Hash functions take their input without producing any output, only
producing anything when all input has already taken place. MACs are
very similar, but are additionally keyed. Both of these are derived
from the base class BufferedComputation
, which has the following
functions.
size_t outputLength()
Return the size of the output of this function.
void update(in ubyte* input, size_t length);
void update(ubyte input);
void update(in string input);
Updates the hash/mac calculation with input
.
void flush(ubyte* output);
SecureVector!ubyte flush();
Complete the hash/MAC calculation and place the result into output
.
For the argument taking an array, exactly outputLength
bytes will
be written. After you call flush
, the hash function is reset to
its initial state, so it may be reused immediately.
The second method of using final is to call it with no arguments at all, as shown in the second prototype. It will return the hash/mac value in a memory buffer.
There is also a pair of functions called process
. They are a
combination of a single update
, and flush
. Both versions
return the final value, rather than placing it an array. Calling
process
with a single byte value isn't available, mostly because
it would rarely be useful.
A MAC can be viewed (in most cases) as a keyed hash function, so
classes that are derived from MessageAuthenticationCode
have
update
and flush
classes just like a HashFunction
(and
like a HashFunction
, after flush
is called, it can be used to
make a new MAC right away; the key is kept around).
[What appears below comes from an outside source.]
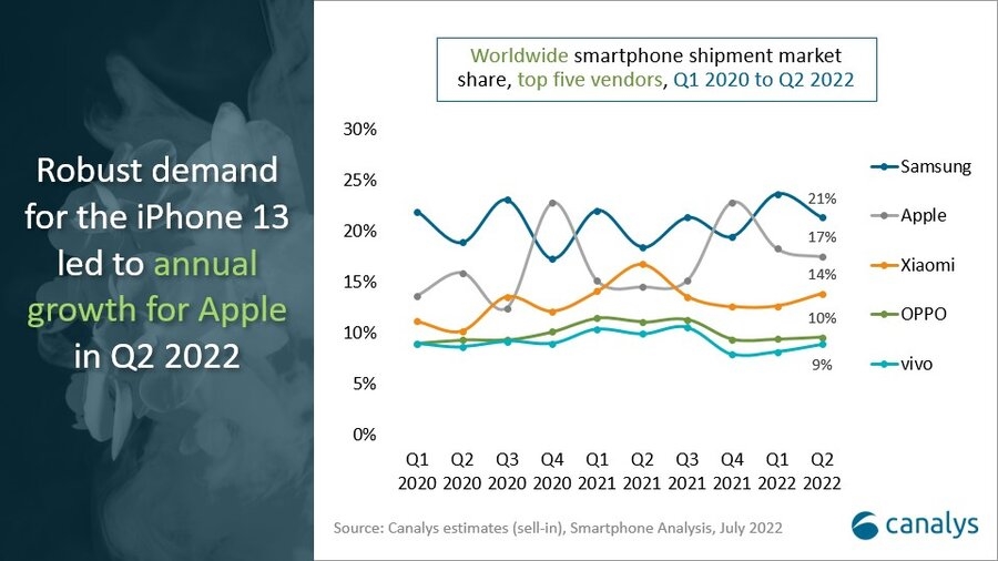 算下来iPhone 13发布已经快1年时间了,虽业内以及消费者的目光已经纷纷投向蓄势待发的iPhone 14系列,可实际上,iPhone 13的畅销风采依然不减。在机构Canalys(科纳仕)最新公布的二季度智能手机统计报告中提到,在全球出货下滑9%的情况下,苹果的份额比去年同期增加了3个百分点,来到17%,机构指出,iPhone 13的需求依然很高。

A MAC has the SymmetricAlgorithm
interface in addition to the
BufferedComputation
interface.
Checksums are very similar to hash functions, and in fact share the same interface. But there are some significant differences, the major ones being that the output size is very small (usually in the range of 2 to 4 bytes), and is not cryptographically secure. But for their intended purpose (error checking), they perform very well. Some examples of checksums included in Botan are the Adler32 and CRC32 checksums.